Dataset: Begin

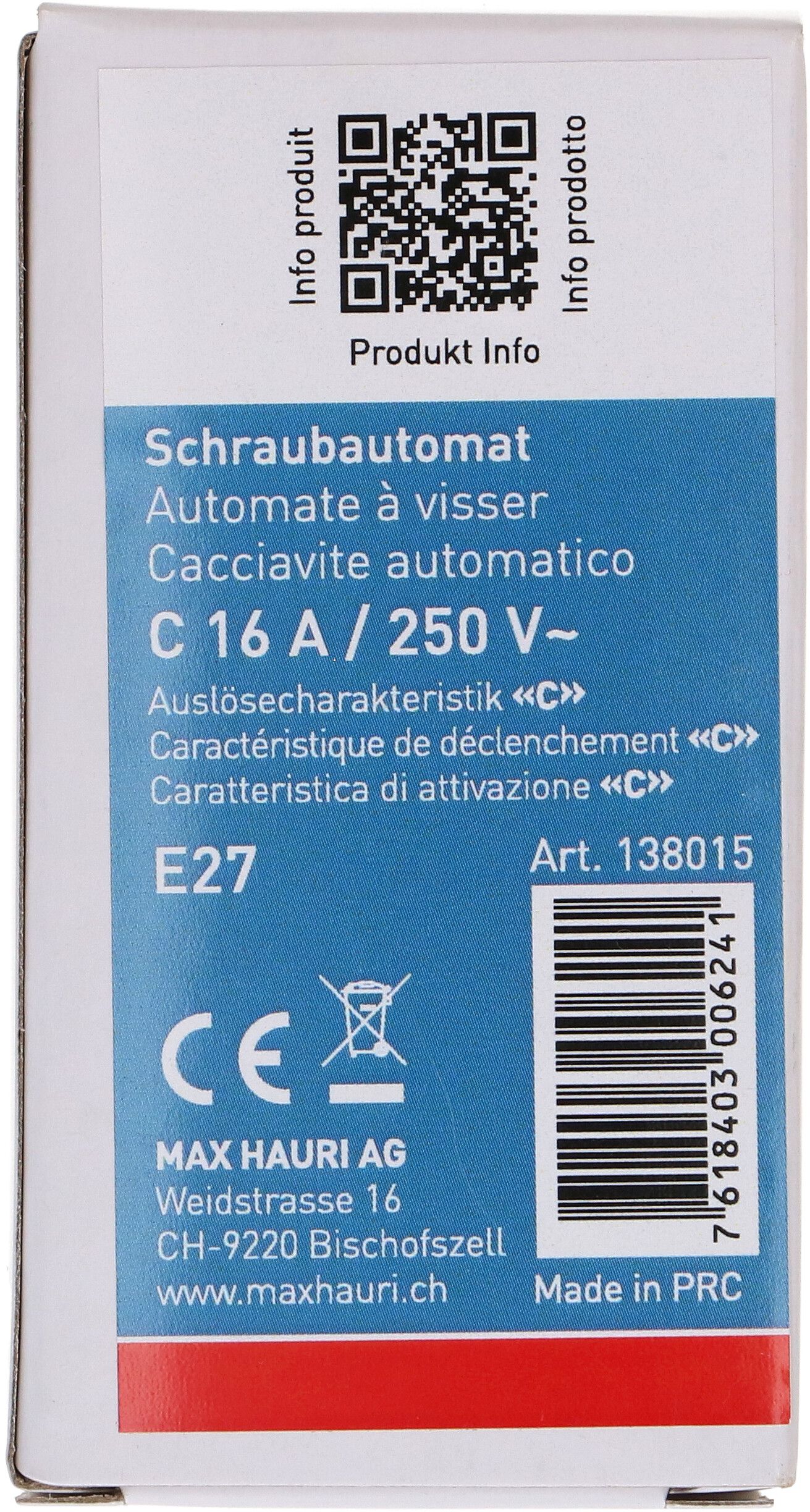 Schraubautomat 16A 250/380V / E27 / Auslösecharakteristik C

Dataset: End
Dataset: Begin

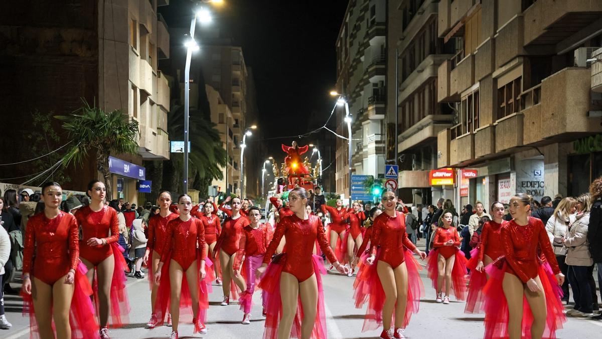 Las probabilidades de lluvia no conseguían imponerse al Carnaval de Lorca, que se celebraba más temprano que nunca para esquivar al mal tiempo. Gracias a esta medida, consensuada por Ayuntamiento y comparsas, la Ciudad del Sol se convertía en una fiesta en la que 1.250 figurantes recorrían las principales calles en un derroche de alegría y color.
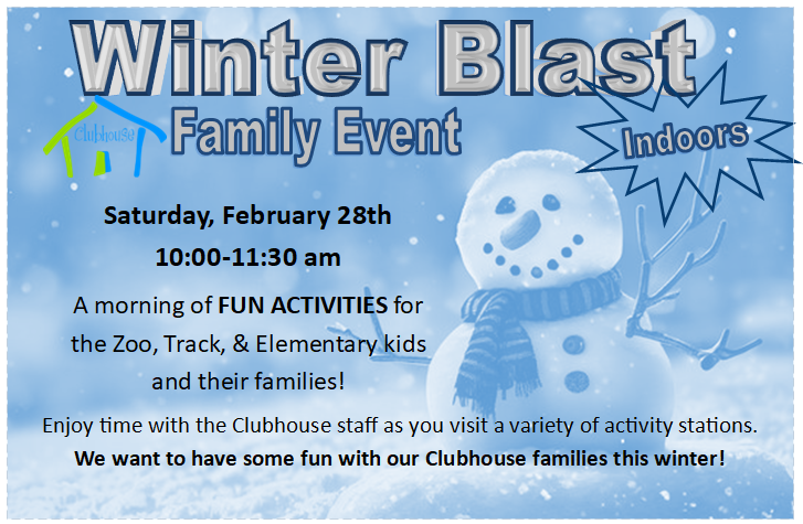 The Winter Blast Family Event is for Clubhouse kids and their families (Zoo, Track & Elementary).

Dataset: End
Dataset: Begin

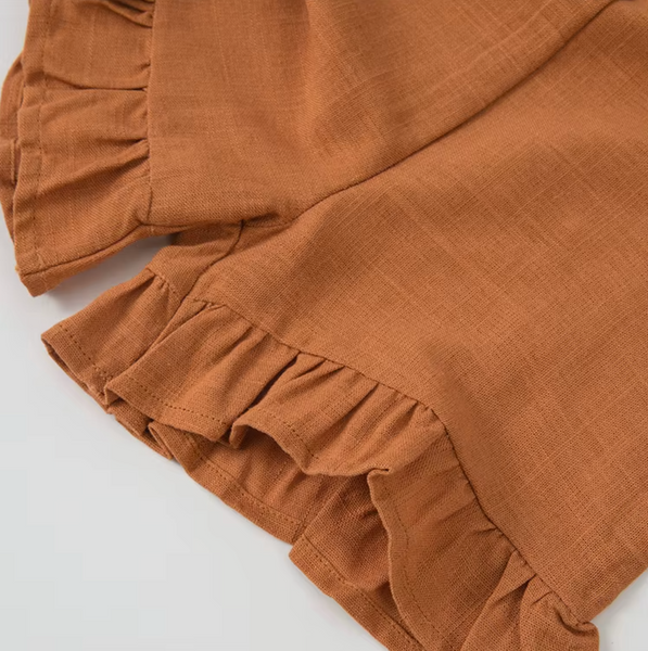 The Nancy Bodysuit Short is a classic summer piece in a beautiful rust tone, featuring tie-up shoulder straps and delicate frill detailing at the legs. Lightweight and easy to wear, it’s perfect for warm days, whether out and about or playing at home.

Dataset: End

* **Exercise brief**
Reproduce exactly the lines of the data above that run from the line with "Las probabilidades de" down to the line with "The Winter Blast", both ends included. Pictures do not belong in the copy.

* **Your solution**
 Las probabilidades de lluvia no conseguían imponerse al Carnaval de Lorca, que se celebraba más temprano que nunca para esquivar al mal tiempo. Gracias a esta medida, consensuada por Ayuntamiento y comparsas, la Ciudad del Sol se convertía en una fiesta en la que 1.250 figurantes recorrían las principales calles en un derroche de alegría y color.
 The Winter Blast Family Event is for Clubhouse kids and their families (Zoo, Track & Elementary).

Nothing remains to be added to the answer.